== Segment start ==

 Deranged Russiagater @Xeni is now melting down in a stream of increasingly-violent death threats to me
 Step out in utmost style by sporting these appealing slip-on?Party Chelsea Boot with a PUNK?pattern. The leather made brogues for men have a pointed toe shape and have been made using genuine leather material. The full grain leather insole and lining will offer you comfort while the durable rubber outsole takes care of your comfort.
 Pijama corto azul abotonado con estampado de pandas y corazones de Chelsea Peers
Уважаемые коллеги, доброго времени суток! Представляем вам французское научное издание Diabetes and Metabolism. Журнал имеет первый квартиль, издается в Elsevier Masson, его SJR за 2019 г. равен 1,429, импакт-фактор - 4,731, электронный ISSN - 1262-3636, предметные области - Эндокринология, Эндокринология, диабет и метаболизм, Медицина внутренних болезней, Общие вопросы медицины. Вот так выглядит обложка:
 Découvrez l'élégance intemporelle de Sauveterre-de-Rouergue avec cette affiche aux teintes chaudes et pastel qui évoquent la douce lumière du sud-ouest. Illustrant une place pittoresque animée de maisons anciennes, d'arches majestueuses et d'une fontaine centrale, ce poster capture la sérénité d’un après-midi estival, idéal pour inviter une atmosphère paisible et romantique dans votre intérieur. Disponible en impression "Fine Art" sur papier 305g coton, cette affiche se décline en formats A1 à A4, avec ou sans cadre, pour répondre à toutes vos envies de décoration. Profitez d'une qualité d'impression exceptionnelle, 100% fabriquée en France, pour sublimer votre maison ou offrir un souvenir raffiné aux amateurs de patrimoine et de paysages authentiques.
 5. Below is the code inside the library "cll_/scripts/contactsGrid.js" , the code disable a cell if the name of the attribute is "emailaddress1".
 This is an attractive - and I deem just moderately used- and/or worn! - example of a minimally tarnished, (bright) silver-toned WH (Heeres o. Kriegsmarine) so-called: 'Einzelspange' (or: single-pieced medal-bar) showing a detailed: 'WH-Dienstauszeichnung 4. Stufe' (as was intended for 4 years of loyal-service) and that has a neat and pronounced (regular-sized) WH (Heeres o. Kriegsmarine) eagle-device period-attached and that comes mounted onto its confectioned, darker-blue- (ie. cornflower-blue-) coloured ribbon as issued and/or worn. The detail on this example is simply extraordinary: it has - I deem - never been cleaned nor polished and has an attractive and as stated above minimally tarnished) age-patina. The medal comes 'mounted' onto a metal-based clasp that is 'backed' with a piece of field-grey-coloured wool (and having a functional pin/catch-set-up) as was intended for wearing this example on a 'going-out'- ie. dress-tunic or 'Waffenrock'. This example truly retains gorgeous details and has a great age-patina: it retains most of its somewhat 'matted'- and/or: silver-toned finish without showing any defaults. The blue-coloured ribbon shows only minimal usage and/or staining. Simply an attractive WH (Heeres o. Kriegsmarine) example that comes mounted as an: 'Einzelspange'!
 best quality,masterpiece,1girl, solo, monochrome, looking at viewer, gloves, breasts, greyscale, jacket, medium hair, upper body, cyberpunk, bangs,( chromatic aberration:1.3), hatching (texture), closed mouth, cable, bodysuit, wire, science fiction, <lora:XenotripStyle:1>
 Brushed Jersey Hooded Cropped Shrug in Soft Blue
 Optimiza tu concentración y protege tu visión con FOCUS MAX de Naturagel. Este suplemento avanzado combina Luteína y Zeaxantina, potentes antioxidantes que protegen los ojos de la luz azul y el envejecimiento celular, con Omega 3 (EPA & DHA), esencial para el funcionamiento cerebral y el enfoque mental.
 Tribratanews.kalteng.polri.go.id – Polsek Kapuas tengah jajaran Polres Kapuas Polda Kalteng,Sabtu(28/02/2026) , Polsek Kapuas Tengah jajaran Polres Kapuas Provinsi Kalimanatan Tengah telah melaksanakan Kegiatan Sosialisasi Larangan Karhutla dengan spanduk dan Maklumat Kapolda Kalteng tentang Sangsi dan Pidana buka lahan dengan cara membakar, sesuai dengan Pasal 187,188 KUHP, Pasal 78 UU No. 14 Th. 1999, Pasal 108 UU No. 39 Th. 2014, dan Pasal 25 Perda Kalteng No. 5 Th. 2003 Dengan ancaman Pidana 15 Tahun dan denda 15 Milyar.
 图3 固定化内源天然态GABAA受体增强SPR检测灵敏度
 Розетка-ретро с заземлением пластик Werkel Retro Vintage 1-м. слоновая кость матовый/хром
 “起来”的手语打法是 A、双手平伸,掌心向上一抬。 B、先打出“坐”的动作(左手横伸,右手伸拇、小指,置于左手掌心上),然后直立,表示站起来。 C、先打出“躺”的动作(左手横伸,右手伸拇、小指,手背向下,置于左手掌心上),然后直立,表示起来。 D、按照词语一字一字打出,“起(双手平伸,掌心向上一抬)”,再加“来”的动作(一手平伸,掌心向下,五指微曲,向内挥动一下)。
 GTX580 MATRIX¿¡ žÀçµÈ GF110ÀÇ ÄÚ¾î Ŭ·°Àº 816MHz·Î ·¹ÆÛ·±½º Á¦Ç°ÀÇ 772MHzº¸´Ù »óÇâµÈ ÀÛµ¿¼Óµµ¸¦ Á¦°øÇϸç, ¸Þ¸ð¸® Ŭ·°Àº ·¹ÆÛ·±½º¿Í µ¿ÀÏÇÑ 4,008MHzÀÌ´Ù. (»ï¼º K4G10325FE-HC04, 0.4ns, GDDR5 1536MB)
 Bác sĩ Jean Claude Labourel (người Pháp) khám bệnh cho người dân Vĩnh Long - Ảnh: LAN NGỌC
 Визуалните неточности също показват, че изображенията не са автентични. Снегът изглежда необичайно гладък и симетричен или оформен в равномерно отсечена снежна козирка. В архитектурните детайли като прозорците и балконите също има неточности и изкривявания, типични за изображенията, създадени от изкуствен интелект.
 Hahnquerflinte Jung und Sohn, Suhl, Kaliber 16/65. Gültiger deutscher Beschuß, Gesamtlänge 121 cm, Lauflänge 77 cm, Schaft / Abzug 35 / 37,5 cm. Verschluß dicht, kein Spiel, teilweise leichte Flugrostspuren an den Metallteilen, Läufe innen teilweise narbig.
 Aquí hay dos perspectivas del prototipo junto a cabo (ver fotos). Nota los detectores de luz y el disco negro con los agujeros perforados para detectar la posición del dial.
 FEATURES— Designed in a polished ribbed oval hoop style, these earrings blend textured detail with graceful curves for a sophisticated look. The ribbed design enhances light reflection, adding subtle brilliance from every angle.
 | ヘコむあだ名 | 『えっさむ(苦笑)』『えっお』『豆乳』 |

== Segment end ==

Problem to work on →
Reproduce each entry precisely, so that nothing differs from the original.

Your solution →
 Deranged Russiagater @Xeni is now melting down in a stream of increasingly-violent death threats to me
 Step out in utmost style by sporting these appealing slip-on?Party Chelsea Boot with a PUNK?pattern. The leather made brogues for men have a pointed toe shape and have been made using genuine leather material. The full grain leather insole and lining will offer you comfort while the durable rubber outsole takes care of your comfort.
 Pijama corto azul abotonado con estampado de pandas y corazones de Chelsea Peers
Уважаемые коллеги, доброго времени суток! Представляем вам французское научное издание Diabetes and Metabolism. Журнал имеет первый квартиль, издается в Elsevier Masson, его SJR за 2019 г. равен 1,429, импакт-фактор - 4,731, электронный ISSN - 1262-3636, предметные области - Эндокринология, Эндокринология, диабет и метаболизм, Медицина внутренних болезней, Общие вопросы медицины. Вот так выглядит обложка:
 Découvrez l'élégance intemporelle de Sauveterre-de-Rouergue avec cette affiche aux teintes chaudes et pastel qui évoquent la douce lumière du sud-ouest. Illustrant une place pittoresque animée de maisons anciennes, d'arches majestueuses et d'une fontaine centrale, ce poster capture la sérénité d’un après-midi estival, idéal pour inviter une atmosphère paisible et romantique dans votre intérieur. Disponible en impression "Fine Art" sur papier 305g coton, cette affiche se décline en formats A1 à A4, avec ou sans cadre, pour répondre à toutes vos envies de décoration. Profitez d'une qualité d'impression exceptionnelle, 100% fabriquée en France, pour sublimer votre maison ou offrir un souvenir raffiné aux amateurs de patrimoine et de paysages authentiques.
 5. Below is the code inside the library "cll_/scripts/contactsGrid.js" , the code disable a cell if the name of the attribute is "emailaddress1".
 This is an attractive - and I deem just moderately used- and/or worn! - example of a minimally tarnished, (bright) silver-toned WH (Heeres o. Kriegsmarine) so-called: 'Einzelspange' (or: single-pieced medal-bar) showing a detailed: 'WH-Dienstauszeichnung 4. Stufe' (as was intended for 4 years of loyal-service) and that has a neat and pronounced (regular-sized) WH (Heeres o. Kriegsmarine) eagle-device period-attached and that comes mounted onto its confectioned, darker-blue- (ie. cornflower-blue-) coloured ribbon as issued and/or worn. The detail on this example is simply extraordinary: it has - I deem - never been cleaned nor polished and has an attractive and as stated above minimally tarnished) age-patina. The medal comes 'mounted' onto a metal-based clasp that is 'backed' with a piece of field-grey-coloured wool (and having a functional pin/catch-set-up) as was intended for wearing this example on a 'going-out'- ie. dress-tunic or 'Waffenrock'. This example truly retains gorgeous details and has a great age-patina: it retains most of its somewhat 'matted'- and/or: silver-toned finish without showing any defaults. The blue-coloured ribbon shows only minimal usage and/or staining. Simply an attractive WH (Heeres o. Kriegsmarine) example that comes mounted as an: 'Einzelspange'!
 best quality,masterpiece,1girl, solo, monochrome, looking at viewer, gloves, breasts, greyscale, jacket, medium hair, upper body, cyberpunk, bangs,( chromatic aberration:1.3), hatching (texture), closed mouth, cable, bodysuit, wire, science fiction, <lora:XenotripStyle:1>
 Brushed Jersey Hooded Cropped Shrug in Soft Blue
 Optimiza tu concentración y protege tu visión con FOCUS MAX de Naturagel. Este suplemento avanzado combina Luteína y Zeaxantina, potentes antioxidantes que protegen los ojos de la luz azul y el envejecimiento celular, con Omega 3 (EPA & DHA), esencial para el funcionamiento cerebral y el enfoque mental.
 Tribratanews.kalteng.polri.go.id – Polsek Kapuas tengah jajaran Polres Kapuas Polda Kalteng,Sabtu(28/02/2026) , Polsek Kapuas Tengah jajaran Polres Kapuas Provinsi Kalimanatan Tengah telah melaksanakan Kegiatan Sosialisasi Larangan Karhutla dengan spanduk dan Maklumat Kapolda Kalteng tentang Sangsi dan Pidana buka lahan dengan cara membakar, sesuai dengan Pasal 187,188 KUHP, Pasal 78 UU No. 14 Th. 1999, Pasal 108 UU No. 39 Th. 2014, dan Pasal 25 Perda Kalteng No. 5 Th. 2003 Dengan ancaman Pidana 15 Tahun dan denda 15 Milyar.
 图3 固定化内源天然态GABAA受体增强SPR检测灵敏度
 Розетка-ретро с заземлением пластик Werkel Retro Vintage 1-м. слоновая кость матовый/хром
 “起来”的手语打法是 A、双手平伸,掌心向上一抬。 B、先打出“坐”的动作(左手横伸,右手伸拇、小指,置于左手掌心上),然后直立,表示站起来。 C、先打出“躺”的动作(左手横伸,右手伸拇、小指,手背向下,置于左手掌心上),然后直立,表示起来。 D、按照词语一字一字打出,“起(双手平伸,掌心向上一抬)”,再加“来”的动作(一手平伸,掌心向下,五指微曲,向内挥动一下)。
 GTX580 MATRIX¿¡ žÀçµÈ GF110ÀÇ ÄÚ¾î Ŭ·°Àº 816MHz·Î ·¹ÆÛ·±½º Á¦Ç°ÀÇ 772MHzº¸´Ù »óÇâµÈ ÀÛµ¿¼Óµµ¸¦ Á¦°øÇϸç, ¸Þ¸ð¸® Ŭ·°Àº ·¹ÆÛ·±½º¿Í µ¿ÀÏÇÑ 4,008MHzÀÌ´Ù. (»ï¼º K4G10325FE-HC04, 0.4ns, GDDR5 1536MB)
 Bác sĩ Jean Claude Labourel (người Pháp) khám bệnh cho người dân Vĩnh Long - Ảnh: LAN NGỌC
 Визуалните неточности също показват, че изображенията не са автентични. Снегът изглежда необичайно гладък и симетричен или оформен в равномерно отсечена снежна козирка. В архитектурните детайли като прозорците и балконите също има неточности и изкривявания, типични за изображенията, създадени от изкуствен интелект.
 Hahnquerflinte Jung und Sohn, Suhl, Kaliber 16/65. Gültiger deutscher Beschuß, Gesamtlänge 121 cm, Lauflänge 77 cm, Schaft / Abzug 35 / 37,5 cm. Verschluß dicht, kein Spiel, teilweise leichte Flugrostspuren an den Metallteilen, Läufe innen teilweise narbig.
 Aquí hay dos perspectivas del prototipo junto a cabo (ver fotos). Nota los detectores de luz y el disco negro con los agujeros perforados para detectar la posición del dial.
 FEATURES— Designed in a polished ribbed oval hoop style, these earrings blend textured detail with graceful curves for a sophisticated look. The ribbed design enhances light reflection, adding subtle brilliance from every angle.
 | ヘコむあだ名 | 『えっさむ(苦笑)』『えっお』『豆乳』 |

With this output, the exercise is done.